O’Sullivan Beach has been chosen as the location for Adelaide’s second metropolitan native shellfish reef.
Construction of the native shellfish reef will be within a five hectare outer boundary, about 500 metres off O’Sullivan Beach, and is expected to begin in late 2021.
The Onkaparinga shellfish reef restoration project is a partnership between The Nature Conservancy Australia (TNC), the Australian Government, the South Australian Department for Environment and Water and City of Onkaparinga.
The five-hectare shellfish reef will be constructed using a limestone reef base, with hatchery-raised Australian Flat Oysters to create a flourishing marine environment.

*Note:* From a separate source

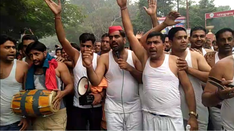 शनिवार से चल रहे किसानों के धरने के दौरान एक समान मुआवजे की मांग करते हुए किसानों ने अर्ध नग्न होकर नारेबाजी की। इस दौरान किसान चौधरी चरण सिंह पार्क के चारों ओर पैदल चलकर चौराहे पर पहुंचे और प्रदर्शन किया। प्रदर्शन के दौरान सपा नेता अतुल प्रधान ने कहा कि प्रशासन किसानों के हक के साथ खिलवाड़ न करें। इसके अंजाम बदतर हो सकते हैं। उन्होंने कहा कि कई वर्षों से लोगों के मुआवजे, आबादी के प्लॉट व दूसरे मुद्दे अटके हुए हैं। कोर्ट के आदेश के बाद प्रशासन उनका निस्तारण नहीं कर रही है। ऊपर से लोगों के घर भी तोडऩे शुरू कर दिए हैं। उन्होंने कहा कि यह बिल्कुल बर्दाश्त नहीं किया जाएगा। अगर प्रशासन किसानों के मुद्दों का निस्तारण नहीं कर सकती तो उसे किसी भी प्रकार की कार्रवाई करने का कोई अधिकार नहीं है। पहले प्रशासन ये बताए किस कानून के तहत आबादी की जमीन पर कार्रवाई की जा रही है। किसानों को एक समान मुआवजा क्यों नहीं दिया जा रहा है।

Program Coordinator Environmental Management, Alison Wright, said O’Sullivan Beach was chosen as the next metro shellfish reef as it offers suitable environmental conditions with good opportunities for colonisation of marine species from the nearby rocky reefs.
“Its vicinity to the existing O’Sullivan Beach boat ramp and close proximity to the shore will make it a lot easier for recreational access,” Alison said.
“We’ve developed a great partnership with the Nature Conservancy with the recent completion of the Windara shellfish reef, near Ardrossan and the newly established Glenelg metro shellfish reef.
“Both sites have been successful examples of shellfish reef restoration, with significant numbers of native oysters establishing at each location.”
Alison explained that shellfish reefs are part of South Australia’s natural heritage and were once common along our coastlines. However, from the late 1800s to mid-1900s the reefs suffered from the impact of overfishing, dredging, water pollution and disease.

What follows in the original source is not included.